= Infectious invalidity =

Infectious invalidity is a doctrine of property law that provides that under certain defined circumstances because one action is improper another action is invalid. If applicable, the failure of certain transfers may cause interests that are otherwise valid to fail also. This approach was taken in the Massachusetts case of New England Trust Co. v. Sanger, 337 Mass. 342, 149 N.E.2d 598 (1958).

The Restatement (2d) of Property, which is a treatise describing general legal principles applied by the courts in the United States states that
Infectious invalidity means that the failure of certain transfers may cause interests that are otherwise valid to fail also. This approach was taken in New England Trust Co. v. Sanger, 337 Mass. 342, 149 N.E.2d 598 (1958). A trust provided for income to be paid to the surviving children of the settlor's brother for life, and on the death of the last surviving child of the settlor's brother, an equal division of the trust principle was to be made among the issue of the children of the settlor's brother. The gift to the issue of the brother's children failed, because the ascertainment of issue could not be made until the brother's children died, and the brother might have children born after the creation of the trust who might not die within the permissible period. However, a later trust had been established by the settlor, which stated that if any provision in the first trust indenture should be declared invalid, any income or principal which reverted to his estate should be deemed held in trust by the settlor for the benefit of his brother's children and their issue. Applying the doctrine of infectious invalidity to avoid a distortion of the settlor's "clear desire," the court held that the second trust should govern the trust distribution. It stated that by striking down all the gifts, valid and invalid, made in the first trust, and by giving effect to the second trust, the settlor's plan for the income gifts was substantially carried out. [§ 1.5 comment 7]

In zoning law, infectious invalidity is a principle where a parcel of land that itself complies with zoning requirements is considered to be in violation of zoning laws because of the circumstances of its creation.

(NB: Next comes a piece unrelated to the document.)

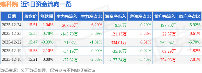 证券之星消息,截至2025年12月24日收盘,建科院(300675)报收于15.51元,上涨1.04%,换手率1.47%,成交量2.16万手,成交额3341.89万元。
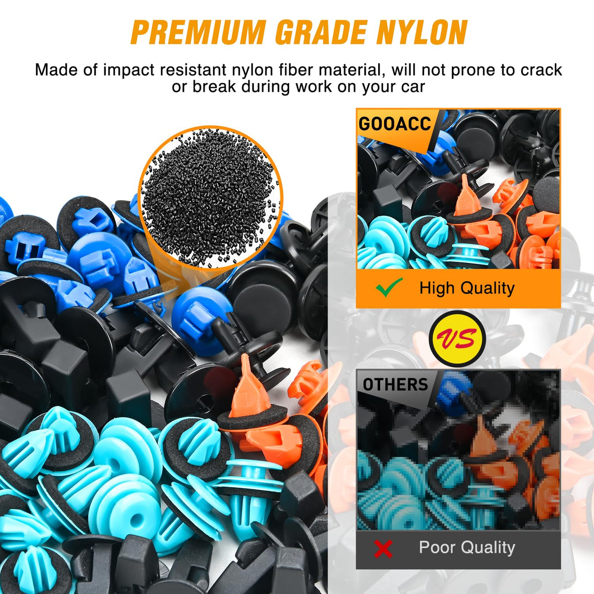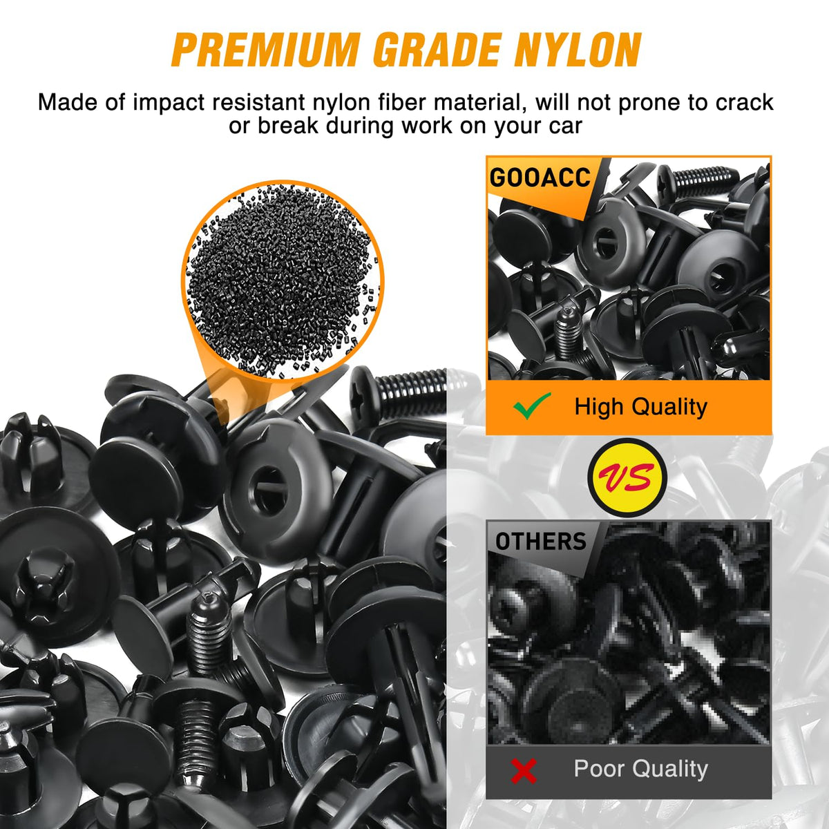 GOOACC Universal Plastic Fender Clips,200 Pcs Push Bumper Fastener Rivet Clips with 6 Size Auto Body Retainer Clips Bumpers,Car Fender Replacement for GM, Ford & Ch

The situation arises when a parcel of land is improperly divided into two lots, resulting in one of the new lot conforming to the applicable zoning standards and one lot not conforming. The legal principle is applied resulting in the conforming lot being deemed to be infected because of the illegal condition created on the other lot and the creation of the two lots is deemed invalid. Infectious invalidity affects both zoning and property ownership rights.